Computer science education emphasizes "Big-O" optimization. This is the substrate-independent analysis of algorithms, focusing entirely on their computational structure and how their complexity scales with the size of the input.
However, this only captures a small portion of the overall picture, and very often significant advances are made not by improving Big-O ratings but by more effectively leveraging the specific details of the substrate that the algorithm runs on.
For example, quicksort and mergesort both have O(n log n) complexity. However, CPUs have a steep memory hierarchy in which cached data is ~300× faster to access than main memory. Mergesort's merge phase requires jumping between scattered memory locations when combining sorted subarrays, causing frequent cache misses. Quicksort, on the other hand, makes more efficient use of the memory hierarchy by partitioning arrays sequentially in-place, maximizing cache locality. Similarly, the deep learning revolution was not powered by theoretical advances alone, but also by rewriting algorithms to exploit the specific capabilities of GPUs to parallelize matrix operations. GPU optimization is now its own specialized field of computer science, and requires considerable development work from teams of human experts.
Big-O optimization fails to take these differences into account: The theoretical complexity remains unchanged, but massive speed-ups are obtained via honing in on the substrate details and rewriting these algorithms accordingly.
It is clearly possible to perform such substrate-specific rewriting; however, this work does not scale well. In the next section, we begin to outline live theory, which is a research methodology and infrastructure that will hopefully address this.
We view these two relationships to substrate (substrate-dependence and substrate-independence) as defining the two dominant research proxies historically used in AI safety research, corresponding loosely to the prosaic and agent-foundational camps.[1]
In order to remain applicable and reliable, our techniques for analyzing and intervening upon the risks posed by AI will likely need to straddle both approaches, neither going all-in on universal invariants nor restricting itself to only localized contexts.
Instead of creating abstractions that are substrate-independent, we aim to articulate designs that scale specificity directly. This has not been possible before, but we suggest that recent AI advances have made it possible to start incorporating such scaling into our research methodology. This deserves design attention.
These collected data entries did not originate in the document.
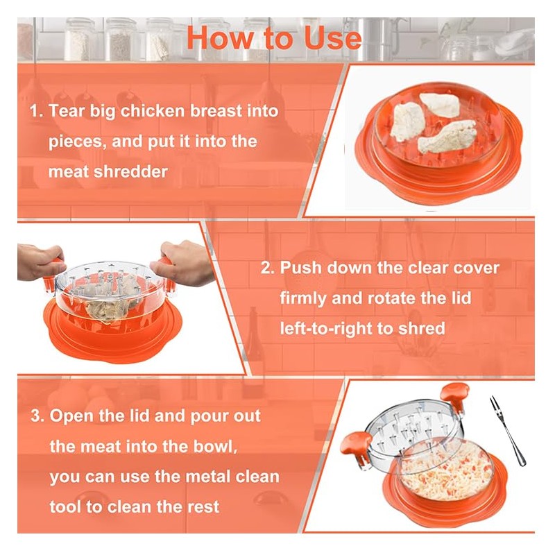 - 【Easy To Use】: Cut the cooked complete chicken breast into three pieces, select one piece and place it on the spike, close the lid. Press to penetrate the flesh and rotate the lid to quickly shred within a few seconds. The hand chicken shredder is also suitable for pork, beef, vegetables, etc.(forbid using raw meat to shred it, as it will damage the spike.)
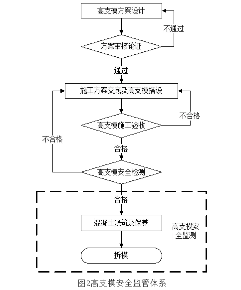 由以上坍塌模式和原因可知,对高支模事故的防止工作是个包含“设计—检测—施工—监测”的系统工程。高支模安全监管体系如图2-2-2所示。
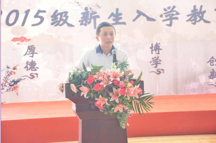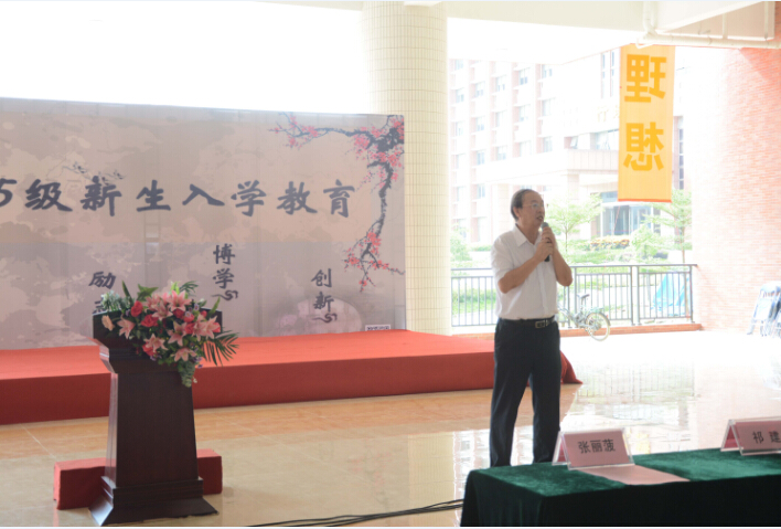9月16日,我系在启智楼二楼大厅举行新生入学教育暨师生见面会。学院党委书记黄桂标、国贸系主任祁建、系副主任沙园松、系副主任张丽菠、评估专员潘虹、商务英语教研室主任杨思柳、大学英语教研室主任龙玲珑、金石教授、罗序梅教授、教师代表郑杰、系党总支书记孔凡龙、团总支书记吴仕坚、辅导员石笑丽、辅导员崔传玺出席本次会议。
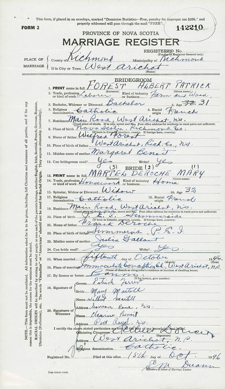 26. Place of marriage Immaculate Conception Church West Arichat, Richmond County
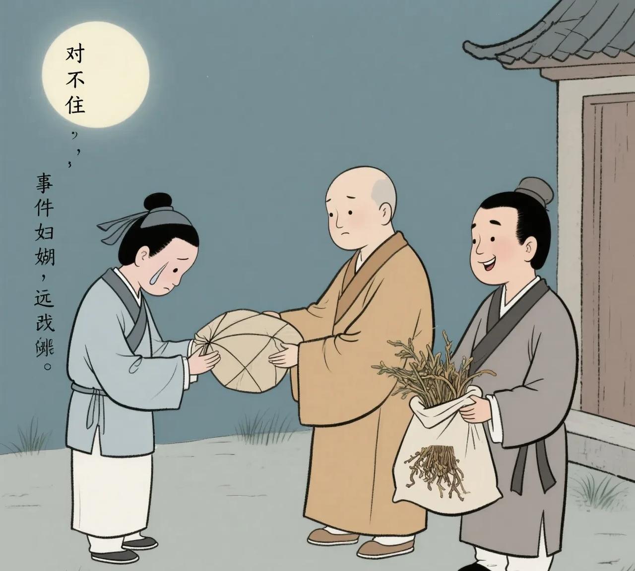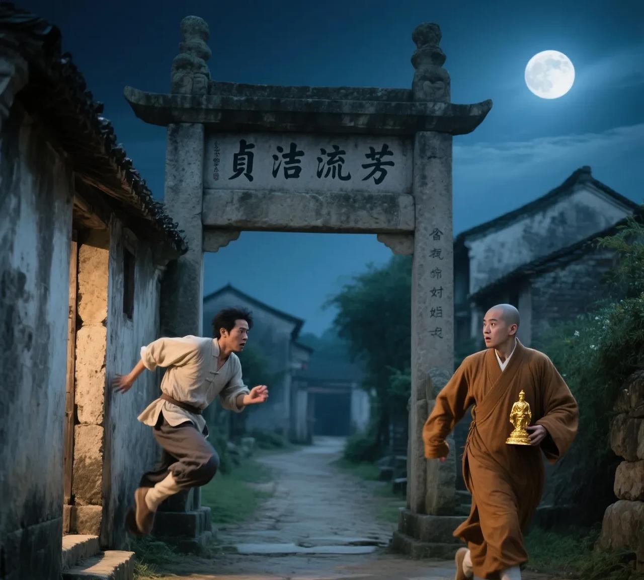 天很晚了,赶路的书生看到前面有一座破庙,就走到庙里借住一宿。 临走的时候,他看到庙里有一尊金像,就把金像偷走了! 和尚见金像被书生偷走了,就在后边追赶书生。 在追赶时,他路过一家寡妇门前,见门前立一个贞节牌坊牌,又见一个男子从寡妇家的墙上跳下逃走。 和尚脚程快,顺着土路追得急,裤脚都被路边的荆棘勾出了毛边。正往前跑呢,眼角余光瞥见那贞节牌坊下的动静,心里咯噔一下。那牌坊是石头刻的,“贞洁流芳”四个大字在月光下泛着冷光,村里谁都知道,这是给李家寡妇立的——她丈夫三年前没了,一个人拉扯着俩娃,平日里大门不出二门不迈,邻里提起都竖大拇指。 那跳墙的男子落地时踉跄了一下,慌忙提了提裤脚,头也不回地往村外跑,看那样子像是做了亏心事。和尚心里直犯嘀咕:这深更半夜的,从寡妇院里跳出来,可不是啥好事。他本想喊住人问问,可一摸怀里空荡荡的——那金像是庙里祖传的物件,虽说不大,却是方圆百里香客们凑钱铸的,是庙里的念想,比啥都要紧。咬咬牙,和尚脚底下没停,朝着书生跑的方向继续追,心里盘算着:先把金像追回来,回头再跟村里管事的说道说道这事儿。 前头的书生背着个沉甸甸的包裹,跑得上气不接。他本是个穷书生,赶考路上盘缠花光了,见那金像黄澄澄的,想着拿到城里换些银钱,既能凑路费,还能买些笔墨纸砚,一时糊涂就下了手。听着身后越来越近的脚步声,他心里发虚,脚下却不敢停,专捡田埂上的小道钻,想着能把和尚甩开。 “站住!把金像还回来!”和尚的声音带着喘,却透着股不容置疑的劲儿。 书生被追得实在跑不动了,一屁股坐在地上,喘着粗气扭头看:“大……大和尚,你追我干啥?我又没偷你东西!” “没偷?”和尚往前凑了两步,月光照在他脸上,额头上全是汗,“你怀里揣的啥?方才庙里就你一个外人,不是你拿的还能是金像自己长腿跑了?” 书生把包裹往身后藏了藏,梗着脖子犟:“我这是路上捡的包裹,谁知道里头是啥?你凭啥就说是你的?” 正争着呢,忽然听见身后有人喊:“大师!等一等!” 俩人扭头一看,正是方才从寡妇墙上跳下来的那个男子,正气喘吁吁地往这边跑,手里还攥着个布包。跑到近前,他先对着和尚作了个揖,又看了看书生,脸上红一阵白一阵的。 “大师,方才让您见笑了。”男子抹了把汗,解释道,“我是李家嫂子的远房侄子,从邻村来的。她这几日受了风寒,我娘让我送些草药过来。方才到的时候天太黑,敲门怕惊着孩子,院墙又矮,想着跳进去把药放下就走,省得旁人看见了说闲话,没成想刚跳下来就撞见您,一时慌了神,光顾着跑了,倒让您误会了。” 他说着,把手里的布包打开,里头果然是些晒干的草药,还带着股清苦的味道。“不信您回头问问村里人,我李家嫂子的为人,十里八乡谁不知道?我要是真做了啥亏心事,哪有脸来见人?” 和尚听了,眉头舒展了些。他在这一带住了多年,也知道李家寡妇的品性,想来是自己刚才急着追人,没顾上细想。 这时候,书生在旁边听着,脸慢慢红了。他瞅瞅男子手里的草药,又摸摸自己怀里沉甸甸的金像,心里像被啥东西扎了一下。人家为了避嫌,黑灯瞎火地跳墙送药,生怕坏了寡妇的名声;自己呢,为了几个钱,竟偷起庙里的东西来,对比之下,实在是不光彩。 “大和尚,”书生慢慢站起身,把包裹解下来递过去,声音低了不少,“对不住,是我糊涂。方才在庙里见这金像值钱,就起了贪念,想着换些盘缠……是我不对,您拿回去吧。” 和尚接过包裹,掂了掂,里头正是那尊金像。他看着书生低着头的样子,叹了口气:“知错能改就好。读书人讲究的是修身立德,一时糊涂不算啥,往后走正道就行。” 男子在旁边也跟着点头:“是啊,谁还没个犯迷糊的时候?能认账就是好样的。” 书生抬头看了看和尚,又看了看男子,眼圈有点红:“多谢大和尚不怪我,也多谢这位大哥……我这就把金像送回庙里去,往后再也不敢了。” 和尚摆摆手:“不用特意跑一趟,我带回庙里就行。你赶路要紧,只是记住,人这一辈子,啥钱能挣,啥东西不能碰,心里得有杆秤。” 书生重重地点点头,朝着和尚作了个揖,又跟男子道了谢,转身继续赶路去了。这回他走得踏实,脚步也稳了不少。 男子看着书生的背影,对和尚说:“大师,您心善,这书生往后指定能学好。” 和尚笑了笑,月光洒在他和手里的金像上,金像的光好像也柔和了不少。“人心都是肉长的,谁还没个被迷了眼的时候?多给人留点余地,或许就能帮人回个头。” 后来听说,那书生赶考虽没中,但回家后踏踏实实种地,闲暇时还帮着村里教孩子认字,成了个受人尊敬的先生。李家寡妇的病好了,见人就夸她那侄子懂事,说要不是他送药及时,自己还得遭不少罪。而那尊金像,依旧在破庙里立着,只是香客们都说,那金像的光里,好像多了点让人心里暖暖的东西。 故事改编自民间故事集
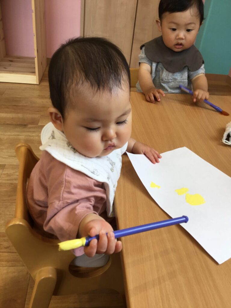 筆にたっぷり絵の具をつけて、チーズ色に塗り塗り🧀
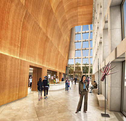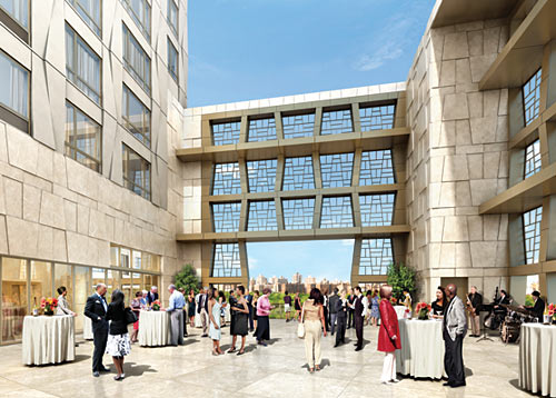 新的“非洲藝術博物館”由“羅伯特-斯特恩建筑事務所”(Robert A.M. Stern Architects)設計。這個博物館的75,000平方英尺的、陳列室、休息室、“特別展出廳”(event space)、咖啡店、劇院、商店、辦公室、圖書館和教育中心,占用了一幢19層的住宅樓的低層。 羅伯特-斯特恩說,最大的設計挑戰之一,是確保這個博物館與其余的建筑物完全不同。建筑師使用預制的混凝土板作為博物館的外表面,構成了博物館的梯形窗戶。斯特恩說:“這是用現代的抽象的方式融合非洲藝術。”

As an analogy, consider the problem of sending a mass email to conference invitees. A general solution is to use an email template (i.e., an abstraction) that begins "Dear {FirstName}, ...", with the content to be later substituted using a list of names and other details. This currently scales well. Let's call this "mass email infrastructure."
However, given AI advances, another method has just entered realistic scalability: sending a personalized email to each participant. Instead of using a template, we can write an email-prompt, to be transformed by a language model into a tailored email that respects the specifics of each invitee. Whilst this does require collecting the factual details of the participants beforehand, we now can incorporate highly specific informal content. Let's call this "live email infrastructure."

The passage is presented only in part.